** Stored data **
○ ○ ○ ○ ○

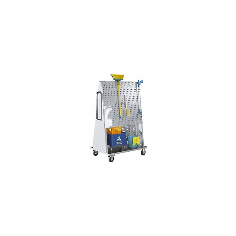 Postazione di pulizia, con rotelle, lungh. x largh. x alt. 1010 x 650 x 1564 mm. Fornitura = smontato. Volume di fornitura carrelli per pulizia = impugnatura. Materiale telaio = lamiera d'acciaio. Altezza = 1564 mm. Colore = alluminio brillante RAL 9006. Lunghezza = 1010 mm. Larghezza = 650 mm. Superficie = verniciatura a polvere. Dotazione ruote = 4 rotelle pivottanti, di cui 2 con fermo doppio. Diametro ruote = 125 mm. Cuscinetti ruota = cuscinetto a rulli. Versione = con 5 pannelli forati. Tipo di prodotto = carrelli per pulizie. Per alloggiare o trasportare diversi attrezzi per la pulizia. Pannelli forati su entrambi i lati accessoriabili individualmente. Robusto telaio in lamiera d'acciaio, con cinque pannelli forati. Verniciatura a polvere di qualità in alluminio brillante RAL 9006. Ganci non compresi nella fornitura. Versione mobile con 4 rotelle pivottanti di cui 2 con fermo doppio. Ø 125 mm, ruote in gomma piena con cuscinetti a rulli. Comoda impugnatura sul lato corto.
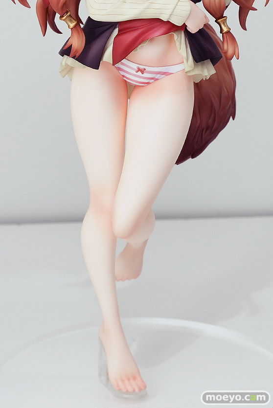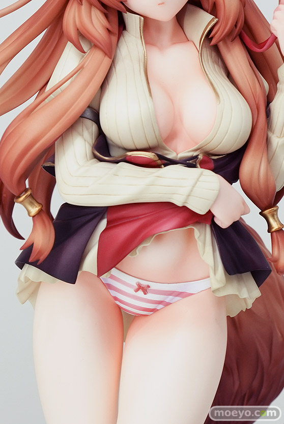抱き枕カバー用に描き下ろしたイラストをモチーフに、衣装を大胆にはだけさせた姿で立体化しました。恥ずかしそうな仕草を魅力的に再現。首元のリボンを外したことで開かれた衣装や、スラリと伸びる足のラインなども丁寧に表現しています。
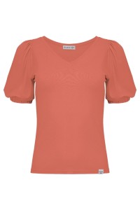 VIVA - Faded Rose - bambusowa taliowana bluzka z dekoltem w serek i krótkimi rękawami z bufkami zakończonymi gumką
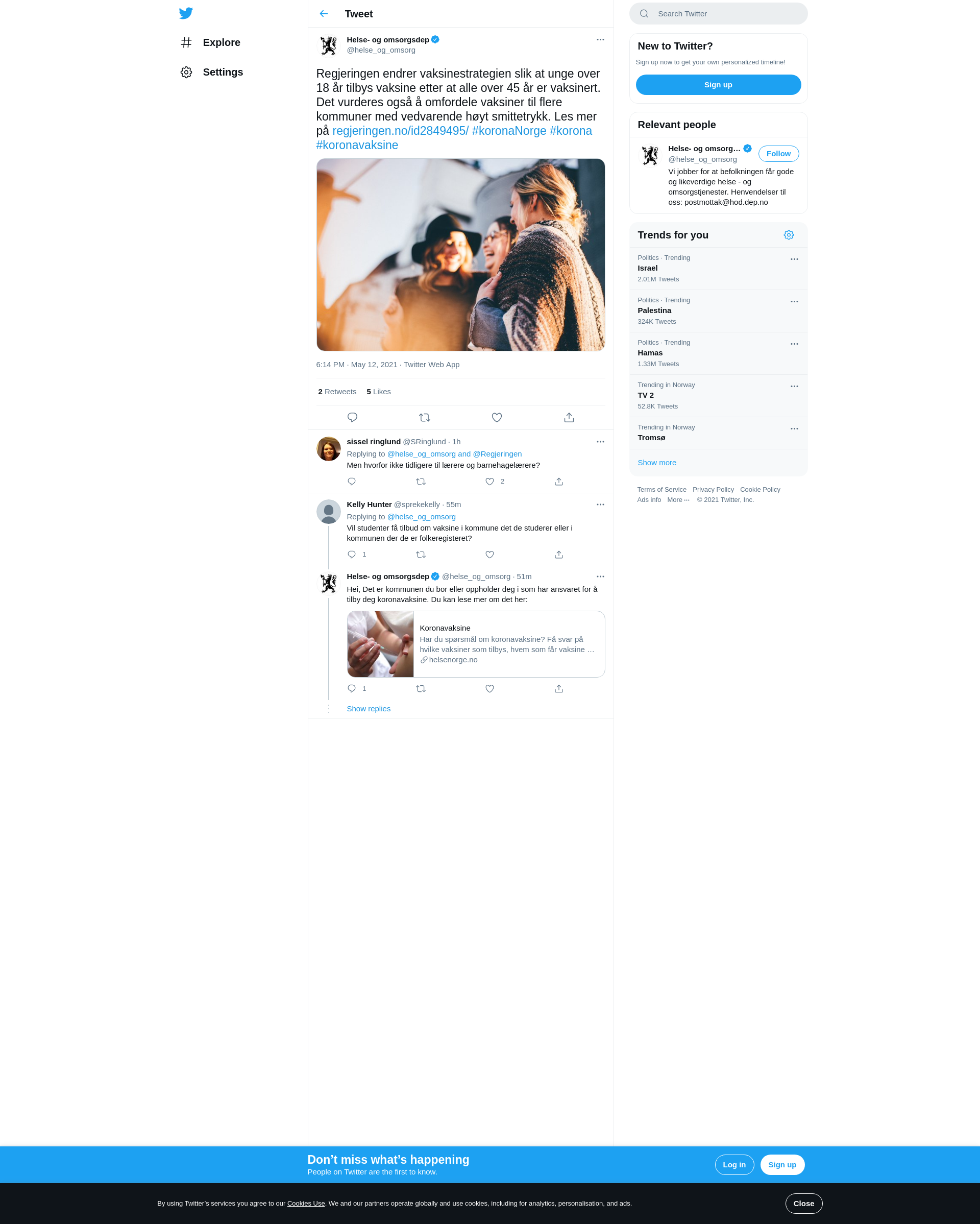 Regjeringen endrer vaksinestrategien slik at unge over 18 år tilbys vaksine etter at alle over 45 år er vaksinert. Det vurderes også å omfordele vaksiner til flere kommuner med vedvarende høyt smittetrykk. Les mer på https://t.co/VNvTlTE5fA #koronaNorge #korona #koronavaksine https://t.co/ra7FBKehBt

○ ○ ○ ○ ○

** What needs to be done **
Keep pictures out and return the lines from the one containing "VIVA - Faded" through the end of the listing, both included, character for character.

** Task result **
 VIVA - Faded Rose - bambusowa taliowana bluzka z dekoltem w serek i krótkimi rękawami z bufkami zakończonymi gumką
 Regjeringen endrer vaksinestrategien slik at unge over 18 år tilbys vaksine etter at alle over 45 år er vaksinert. Det vurderes også å omfordele vaksiner til flere kommuner med vedvarende høyt smittetrykk. Les mer på https://t.co/VNvTlTE5fA #koronaNorge #korona #koronavaksine https://t.co/ra7FBKehBt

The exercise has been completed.